Prevent duplicate cron jobs running
I have scheduled a cron job to run every minute but sometimes the script takes more than a minute to finish and I don't want the jobs to start "stacking up" over each other. I guess this is a concurrency problem - i.e. the script execution needs to be mutually exclusive.
To solve the problem I made the script look for the existence of a particular file ("lockfile.txt") and exit if it exists or touch
it if it doesn't. But this is a pretty lousy semaphore! Is there a best practice that I should know about? Should I have written a daemon instead?
There are a couple of programs that automate this feature, take away the annoyance and potential bugs from doing this yourself, and avoid the stale lock problem by using flock behind the scenes, too (which is a risk if you're just using touch). I've used lockrun
and lckdo
in the past, but now there's flock
(1) (in newish versions of util-linux) which is great. It's really easy to use:
* * * * * /usr/bin/flock -n /tmp/fcj.lockfile /usr/local/bin/frequent_cron_job
Best way in shell is to use flock(1)
(
flock -x -w 5 99
## Do your stuff here
) 99>/path/to/my.lock
Actually, flock -n
may be used instead of lckdo
*, so you will be using code from kernel developers.

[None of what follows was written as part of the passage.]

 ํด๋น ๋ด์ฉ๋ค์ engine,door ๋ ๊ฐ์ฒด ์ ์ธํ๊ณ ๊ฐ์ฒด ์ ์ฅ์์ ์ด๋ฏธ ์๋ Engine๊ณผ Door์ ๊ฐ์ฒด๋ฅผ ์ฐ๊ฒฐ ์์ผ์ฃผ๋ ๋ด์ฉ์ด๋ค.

Building on womble's example, you would write something like:
* * * * * flock -n /some/lockfile command_to_run_every_minute
BTW, looking at the code, all of flock
, lockrun
, and lckdo
do the exact same thing, so it's just a matter of which is most readily available to you.

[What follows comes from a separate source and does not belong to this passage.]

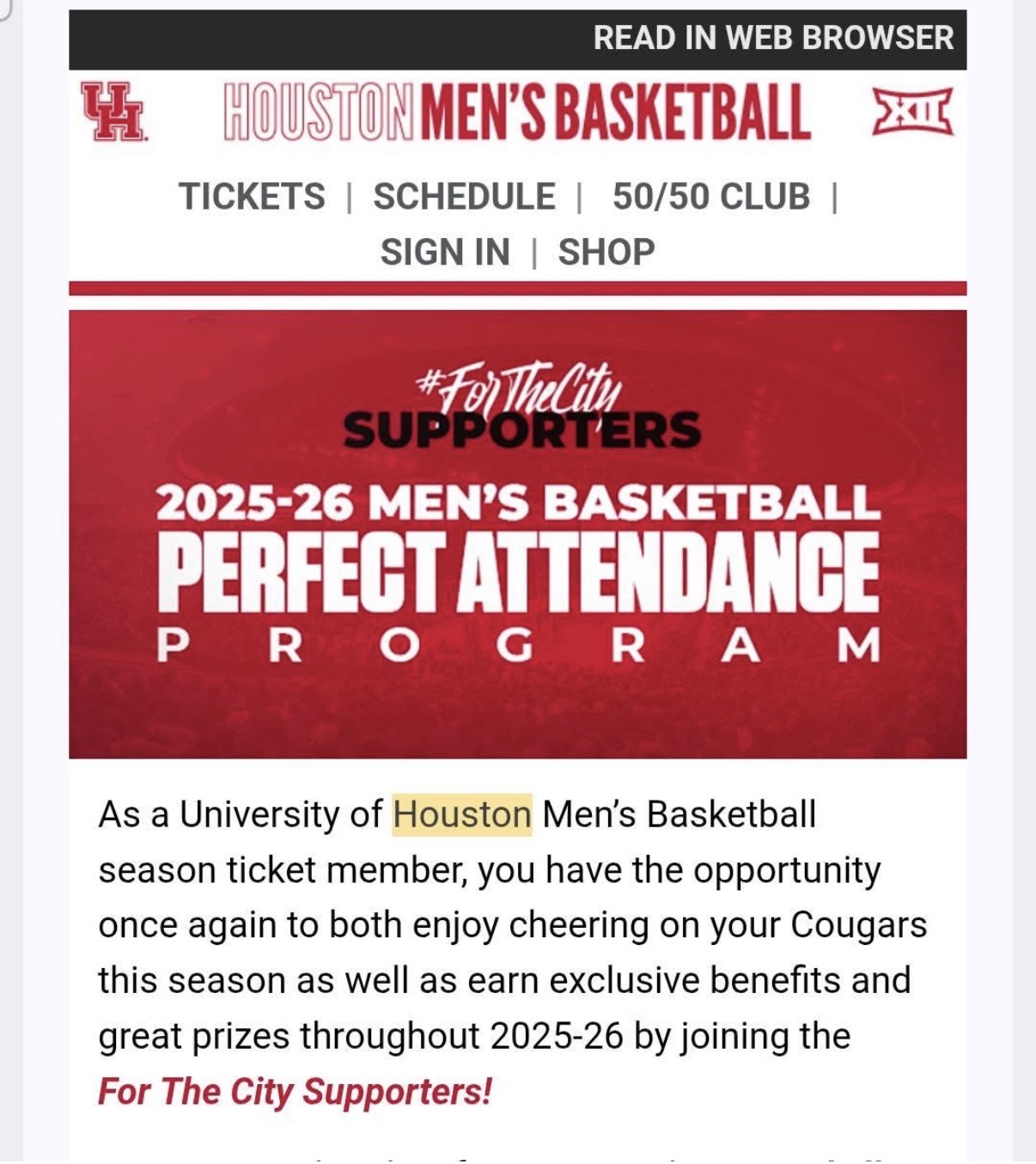 Another example is the 50/50 Club gear that never showed up this season. It’s not like I actually needed another 50/50 shirt or whatever, but to increase the annual minimum 50/50 Club donation by 50% and then deliver nothing more than some surreptitious sideway excuse about why no gear appeared amounts to flimflamming some of our basketball program’s best supporters. Even an apology would be better than some it’s-not-my-fault/it’s-not-my-job type of let’s just ignore this and go on to ask for the next donation approach, which seems to be how UH deals with this sort of thing.

You havent specified if you want the script to wait for the previous run to complete or not. By "I don't want the jobs to start "stacking up" over each other", I guess you are implying that you want the script to exit if already running,
So, if you don want to depend on lckdo or similar, you can do this:
PIDFILE=/tmp/`basename $0`.pid
if [ -f $PIDFILE ]; then
if ps -p `cat $PIDFILE` > /dev/null 2>&1; then
echo "$0 already running!"
exit
fi
fi
echo $$ > $PIDFILE
trap 'rm -f "$PIDFILE" >/dev/null 2>&1' EXIT HUP KILL INT QUIT TERM
# do the work
You can use a lock file. Create this file when the script starts and delete it when it finishes. The script, before it runs its main routine, should check if the lock file exists and proceed accordingly.
Lockfiles are used by initscripts and by many other applications and utilities in Unix systems.